Pour lire cet article sur le site de Mediapart.

Déjà plombé par l’incertitude qui plane sur son sort, le CNRS est aujourd’hui secoué par une affaire d’espionnage interne et de surveillance de l’opinion de ses chercheurs. Le sociologue et politologue Vincent Geisser, spécialiste de l’islam, est convoqué le 29 juin devant une instance disciplinaire du CNRS pour des propos tenus à l’encontre du fonctionnaire de sécurité défense de l’organisme, chargé de protéger le patrimoine scientifique et technique de la maison, pour « manquement grave subséquent à l’obligation de réserve ».

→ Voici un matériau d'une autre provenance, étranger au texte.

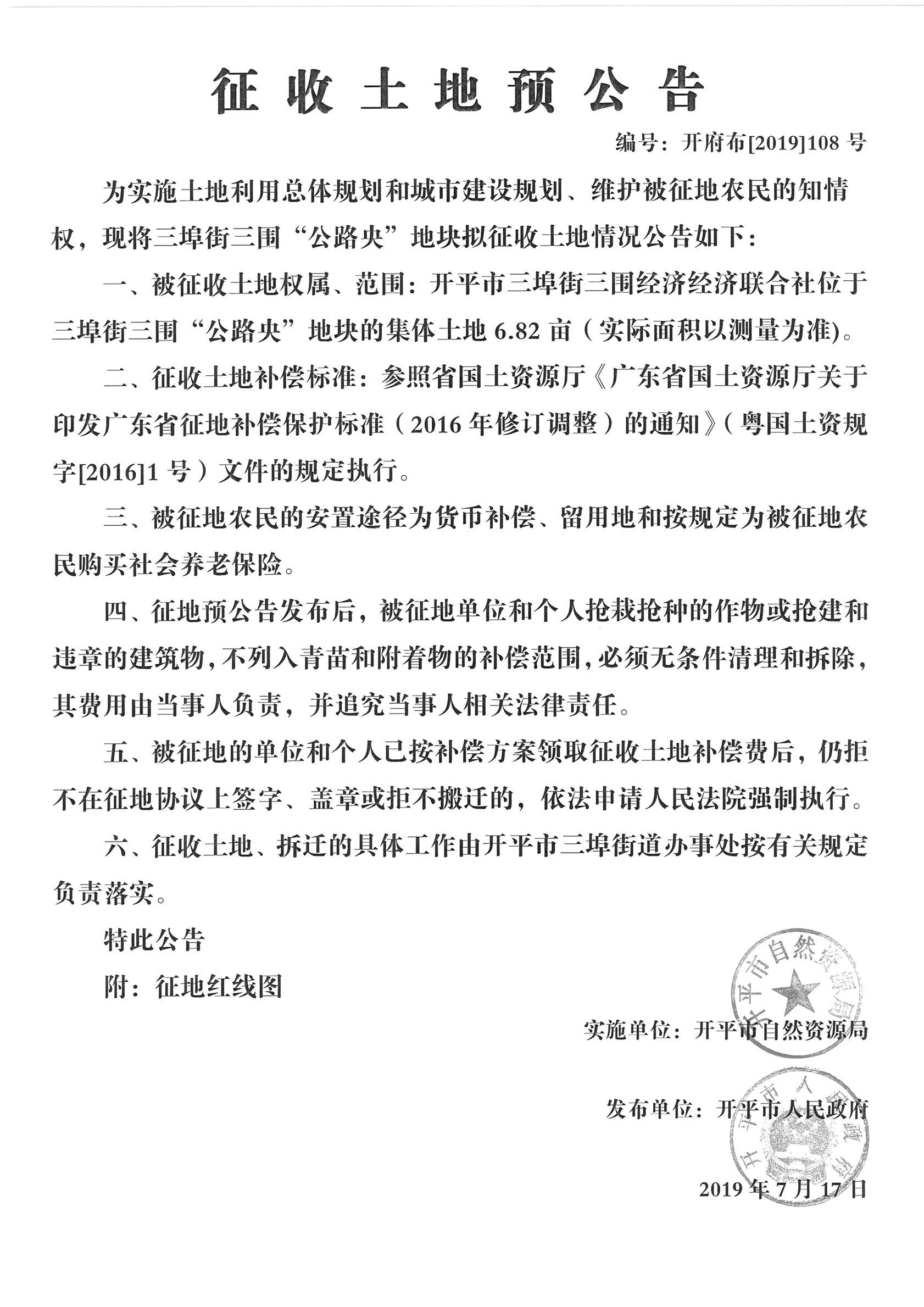 三埠街三围“公路央”地块征收土地预公告

Très inhabituelle, cette convocation devant la commission administrative paritaire pourrait se traduire par un blâme pour le chercheur. Elle a provoqué une levée de boucliers de chercheurs et d’intellectuels de premier plan (Esther Benbassa, Etienne Balibar, Edgar Morin, Eric Fassin, Olivier Roy...) rattachés ou non au CNRS, inquiets d’un risque de « censure » « particulièrement alarmant ». Ils ont constitué un collectif pour la sauvegarde de la liberté intellectuelle des chercheurs et enseignants-chercheurs de la fonction publique, et lancé une pétition sous la forme d’une lettre ouverte à Valérie Pécresse. Mardi en début d’après-midi, elle avait déjà recueilli plus de 1000 signataires.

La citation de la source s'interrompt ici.